**Task details:** What are the lines, word for word, from the line with "140x200, 70x90 cm." up to and including the line with "线上直播通道已开启~报名从速" in the records below? Omit the pictures.

--- Supplied records ---

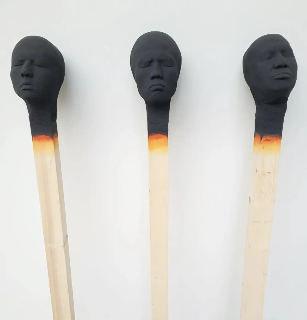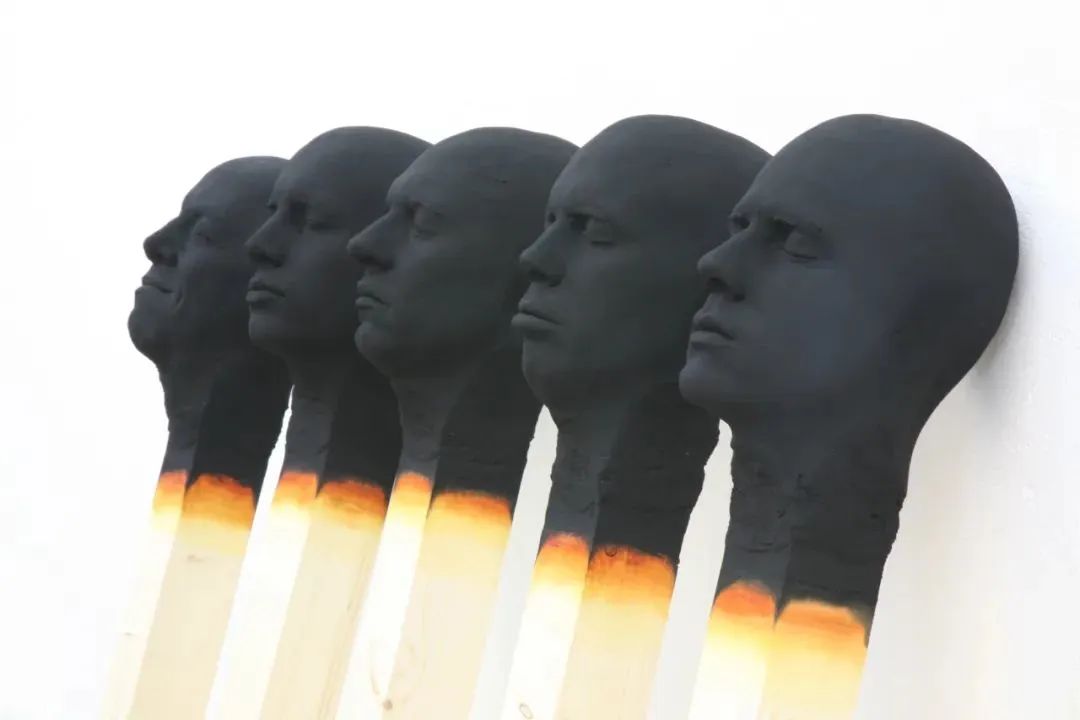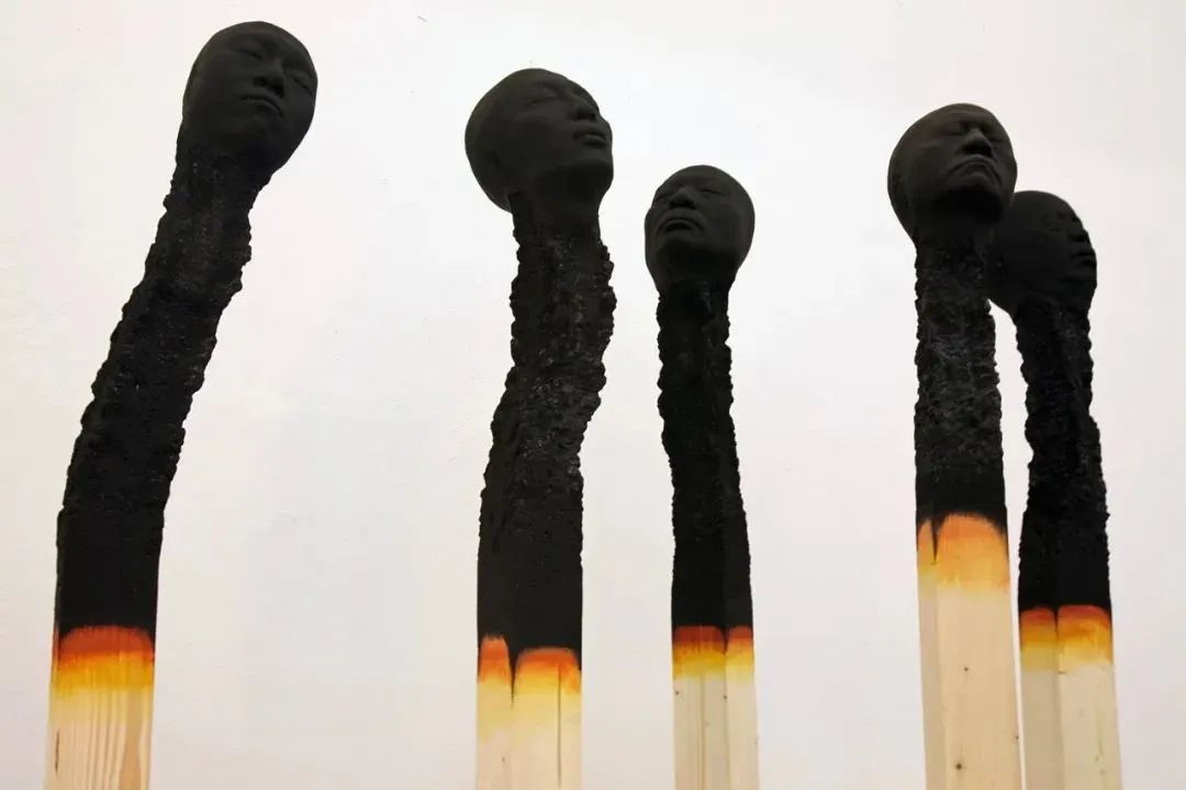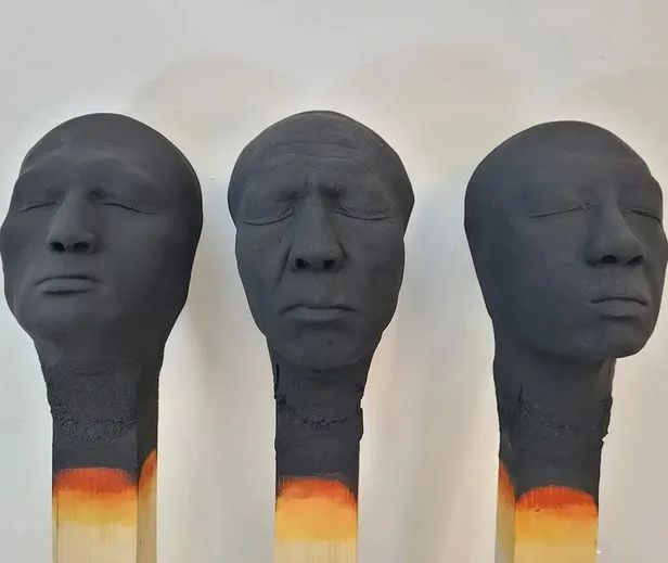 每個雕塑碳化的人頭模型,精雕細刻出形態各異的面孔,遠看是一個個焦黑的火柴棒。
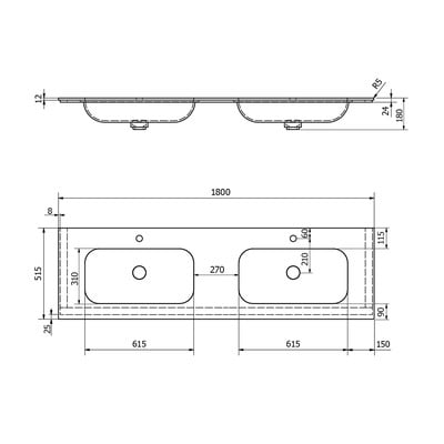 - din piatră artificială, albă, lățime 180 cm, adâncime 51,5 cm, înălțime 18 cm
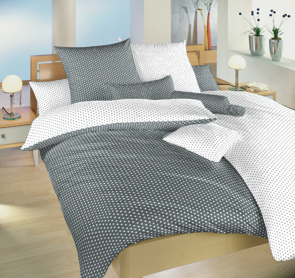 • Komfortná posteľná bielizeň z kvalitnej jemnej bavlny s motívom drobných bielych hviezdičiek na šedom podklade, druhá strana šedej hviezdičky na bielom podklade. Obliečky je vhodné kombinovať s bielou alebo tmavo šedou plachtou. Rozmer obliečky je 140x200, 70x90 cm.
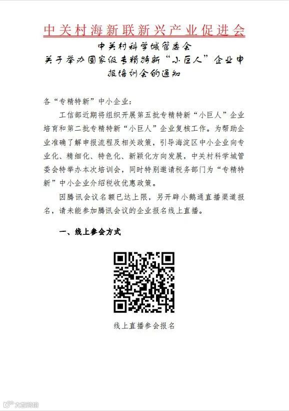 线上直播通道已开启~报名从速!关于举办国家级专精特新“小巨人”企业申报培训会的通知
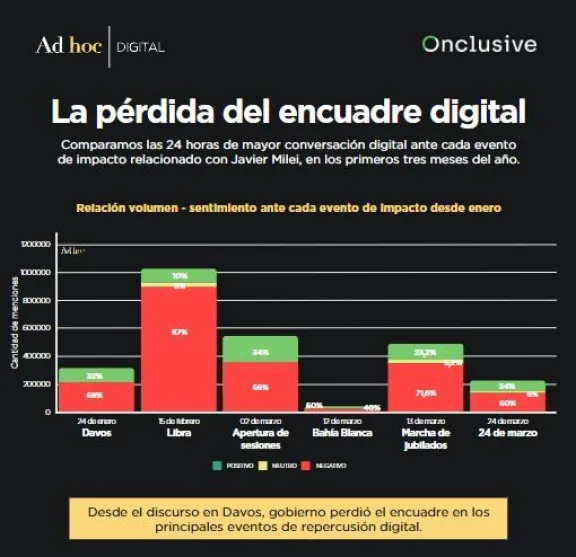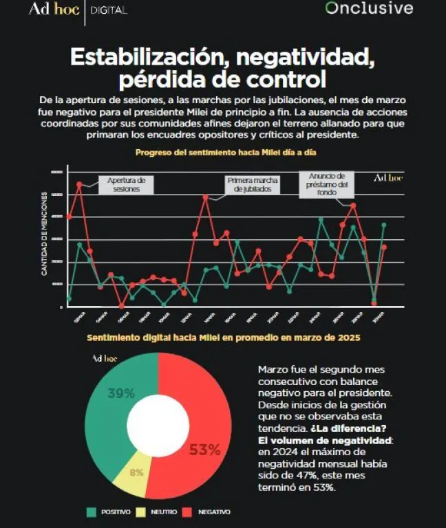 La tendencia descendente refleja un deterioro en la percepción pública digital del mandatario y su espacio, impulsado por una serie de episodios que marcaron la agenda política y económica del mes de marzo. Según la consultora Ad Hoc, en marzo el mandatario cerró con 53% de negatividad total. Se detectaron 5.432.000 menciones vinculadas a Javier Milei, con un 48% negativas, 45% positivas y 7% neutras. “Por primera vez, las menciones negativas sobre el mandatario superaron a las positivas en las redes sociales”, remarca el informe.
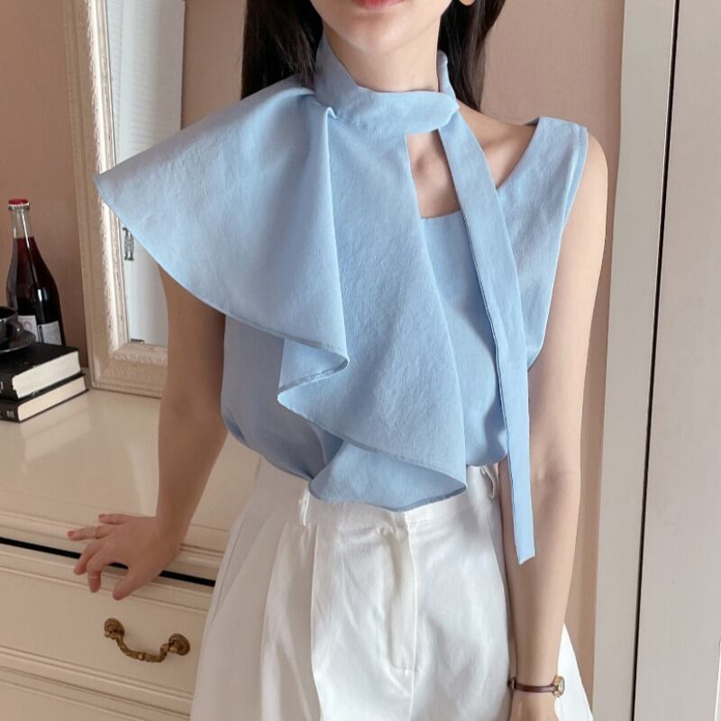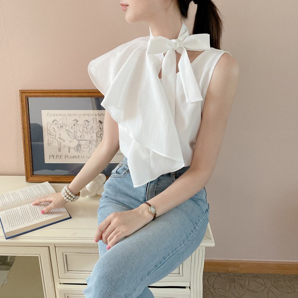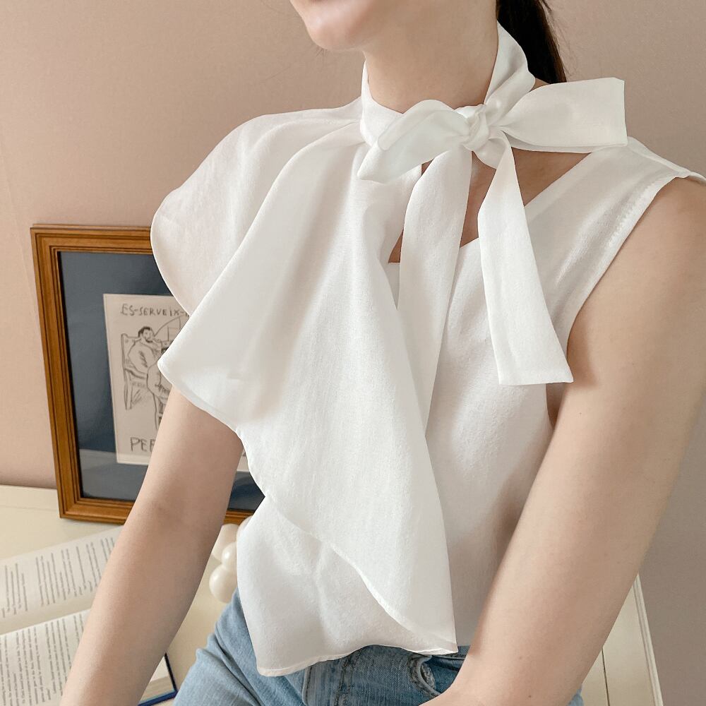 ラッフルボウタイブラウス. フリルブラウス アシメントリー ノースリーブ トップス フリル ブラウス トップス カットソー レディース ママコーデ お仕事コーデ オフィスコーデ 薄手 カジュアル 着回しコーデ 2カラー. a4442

---

**Solution:**
 • Komfortná posteľná bielizeň z kvalitnej jemnej bavlny s motívom drobných bielych hviezdičiek na šedom podklade, druhá strana šedej hviezdičky na bielom podklade. Obliečky je vhodné kombinovať s bielou alebo tmavo šedou plachtou. Rozmer obliečky je 140x200, 70x90 cm.
 线上直播通道已开启~报名从速!关于举办国家级专精特新“小巨人”企业申报培训会的通知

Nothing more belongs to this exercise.